# **Linear Algebra for Data Science**: HW3, task 5 (3 pts)
# Iterative methods for eigenvalue calculations

### <div align="right"> &copy; Yurii Yeliseev & Rostyslav Hryniv, 2023 </div>

## Completed by:   
*   Roman Kovalchuk
*   Eduard Pekach

The aim of this task is to implement two iterative methods for eigenvalue and eigenvector calculations, the Jacobi and QR ones.


# 1. Jacobi method **(1 pt)**
The Jacobi method is applicable to symmetric matrices $A$ and uses the ***Givens rotations*** (also called  ***Jacobi rotations*** in this context) that consecutively decrease the off-diagonal part $$\mbox{off}(A):=\sum_{i\ne j} |a_{ij}|^2$$ and thus transform $A$ to "nearly" diagonal form. (See the corresponding task from the first homework for details on the Givens rotations.) If $$A_k = Q_kQ_{k-1}\cdots Q_2Q_1 A Q_1^\top Q_2^\top \cdots Q_{k-1}^\top Q_k^\top$$ is alsmost diagonal, then its diagonal entries are close to the eigenvalues of $A$, and the approximation to eigenvectors can be obtained from the Givens rotations.

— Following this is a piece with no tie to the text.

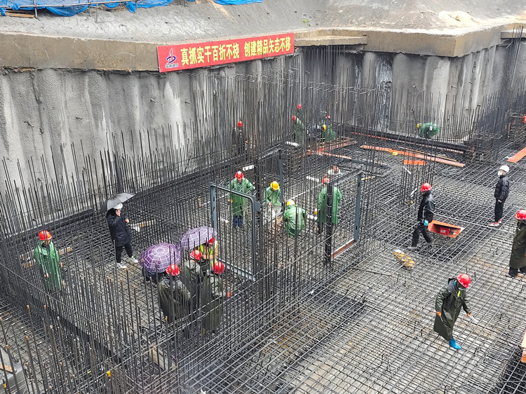 自2022年9月项目正式开工以来,项目克服了疫情封控、扬尘管控、土方外运难、地下管线拆改、施工及交通环境复杂等一些列施工难题,紧锣密鼓开展生产。2023年初,项目接到业主单位下达春节前停车楼筏板基础完成的节点目标,项目部第一时间部署抢工工作,面对复杂的劲性混凝土人防工程,项目部管理人员与各班组劳务人员展开为期十天的劳动冲刺,采用日夜两班倒、停人不停机抢工模式,终于在15日凌晨完成停车楼筏板最后一方混凝土浇筑,耗时11个小时,顺利完成年前施工任务。

## 1.1. Algorithm justification
#### 1.1.1. Basic step
Assume that $A$ is an $n\times n$ symmetric matrix and that indices $p,q$ with $1\le p < q \le n$ are such that $a_{pq} \ne 0$. The task is to find an angle $\theta$ such that, with $c:=\cos\theta$ and $s:=\sin\theta$, the matrix
$$\begin{pmatrix} b_{pp} & b_{pq} \\ b_{qp} & b_{qq} \end{pmatrix} = \begin{pmatrix} c & -s \\ s & c \end{pmatrix}\begin{pmatrix} a_{pp} & a_{pq} \\ a_{qp} & a_{qq} \end{pmatrix}\begin{pmatrix}c & s \\ -s & c  \end{pmatrix}$$ is diagonal.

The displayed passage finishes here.